Aiming at high drug loading and controlled drug release in chitosan nanocarriers, this work constructed the photothermal sensitive carboxymethyl chitosan nanospheres carrier by introducing controllable heat-sensitive groups into carboxymethyl chitosan molecules. The combination therapy system based on photothermal-chemotherapy was established by virtue of the good photothermal conversion effect of ICG and the high chemotherapy efficiency of DOX. On the one hand, the carrier owned high drug loading and improved the stability of coated-drug. On the other hand, the nanospheres generated photothermal response through NIR irradiation to improve the drug release amount and to achieve the combined treatment effect of photodynamic therapy and chemotherapy. The structures of the nanospheres were fully characterized by Fourier transform infrared (FT-IR), nuclear magnetic resonance (1H NMR) and scanning electron microscope (SEM). In vitro photothermal tests proved that the nanospheres had excellent light stability and photothermal conversion performance. The cytotoxicity test results showed that the nanospheres had no obvious toxicity, but the drug-loaded nanospheres could effectively inhibit the growth of HepG-2 cells via photo-response to release DOX and ICG for achieving photothermal-chemotherapy under NIR irradiation.

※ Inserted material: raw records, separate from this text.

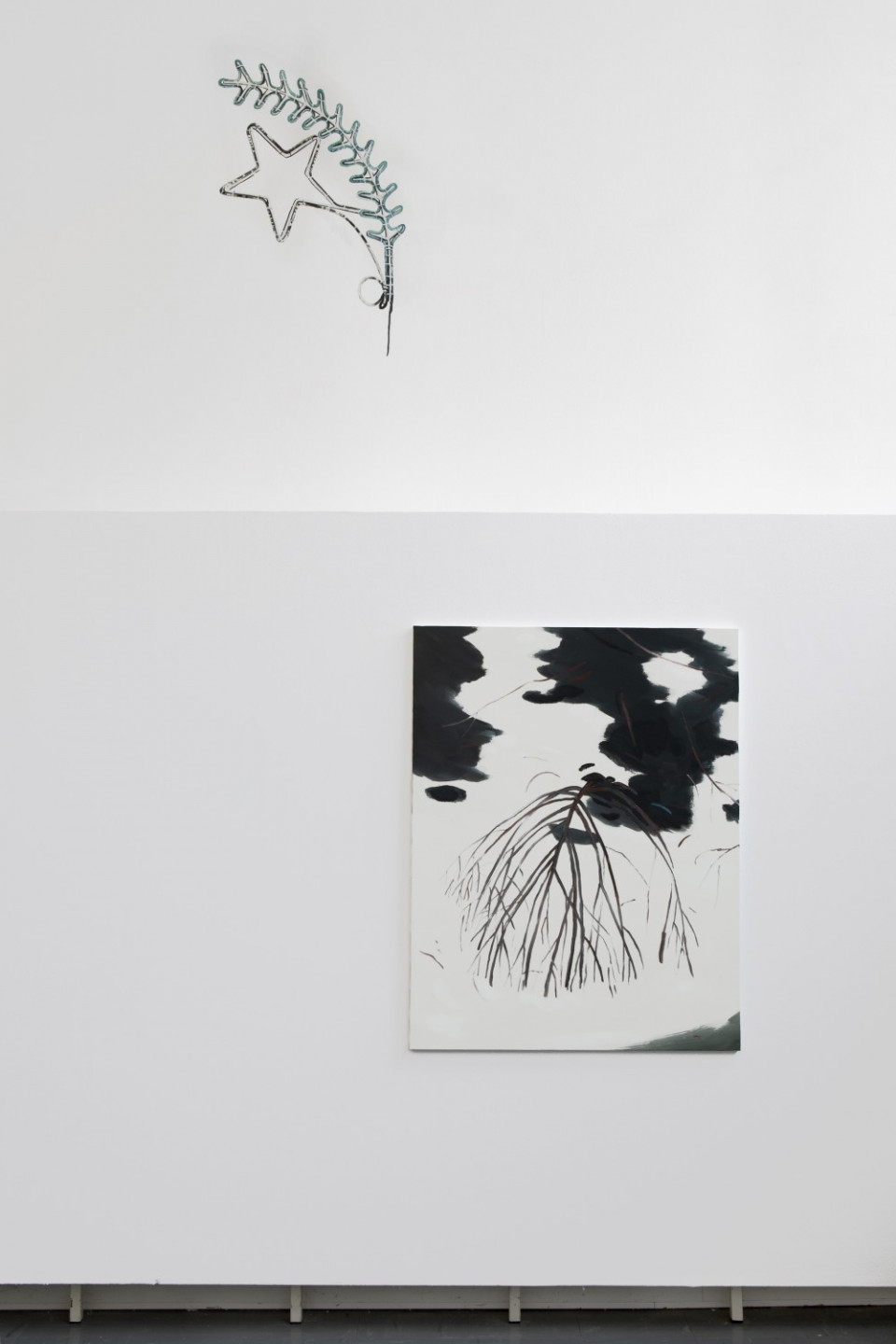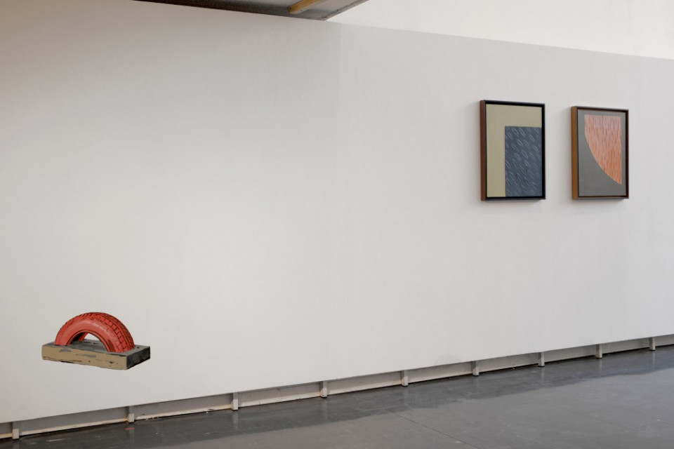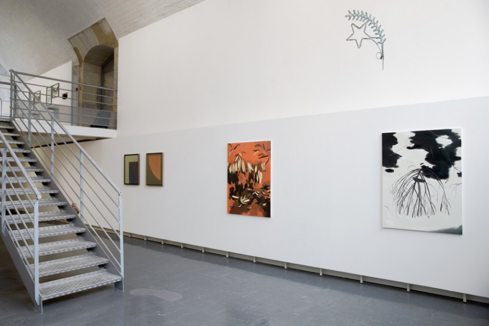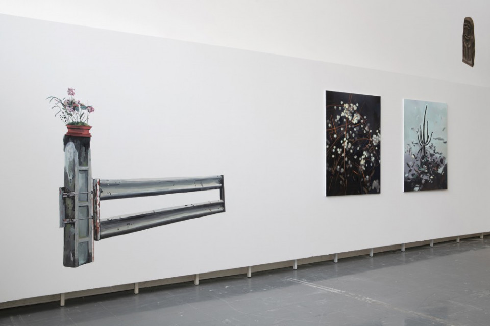 Pour autant, ma peinture ne cherche pas à reproduire le cadrage ou l’instantanéité de l’image photographique, celle-ci me servant seulement à réactiver le contexte dans lequel elle a été prise, me rappeler un motif, une impression. Les ensembles de toiles qui en résultent immergent le visiteur dans une couleur dominante, un matériau, une saison, ou encore un sentiment comme récemment dans l’exposition Parpaing/Chagrin. Sur grand format, des sujets sculpturaux sont réagencés par affinité dans des décors naturels. Parmi eux, des tableaux abstraits de taille plus réduite viennent créer des correspondances de formes et de couleurs. La signalétique de PME y côtoie des fresques de HLM des années 70 et des sculptures de jardin évoquant des rites païens.
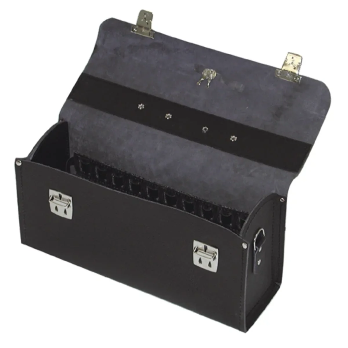 Maletín de herramientas "Tradición" y "Fan" de piel de vacuno negra, sujeta con 2 correas, con presillas para herramientas.
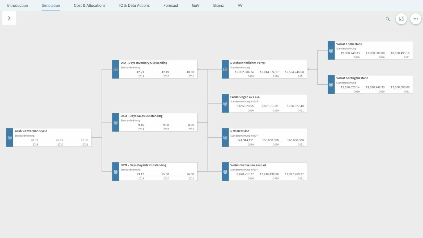 Com as funções integradas de planeamento, é possível incorporar os dados de forma otimizada e personalizá-los graças à semântica empresarial, às conversões de moeda e à lógica contabilística. Um caso de utilização frequente é o planeamento financeiro estratégico com os planos parciais.
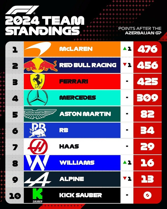 По итогам Гран-при Азербайджана команда Формулы-1 Ред Булл впервые за два сезона потеряла лидерство в Кубке конструкторов.

Self-assembled amphiphilic chitosan nanomicelles to enhance the solubility of quercetin for efficient delivery.

Quercetin (QCT) has important functions such as antioxidant, anti-inflammatory and anticancer. However, its applications in food and in drug are restricted owing to its poor water solubility. In this work, a novel amphiphilic wall-material chitosan was synthesized via grafting of chitosan with deoxycholic acid (DA) as hydrophobic group and modified N-acetyl-L-cysteine (NAC) as hydrophilic group. Amphiphilic chitosan was self-assembled to load QCT as nanomicelles by a low-cost and inorganic solvent procedure. Both the encapsulation efficiencies (EE) and drug-loading rates (DL) increased when increasing the grafting rate of DA. There was a bursting release of QCT for the QCT-loaded nanomicelles (CS-DA-NAC-QNMs) from 0 to 8 h, and then the release rate decreased gradually. After releasing for 72 h, the final cumulative release percentages were more than 40%. All the QCT-loaded nanomicelles samples showed good hemocompatibility, and their water solubility and biocompatibility increased evidently. What's more, they exhibited an obvious inhibition rate of A549 cells.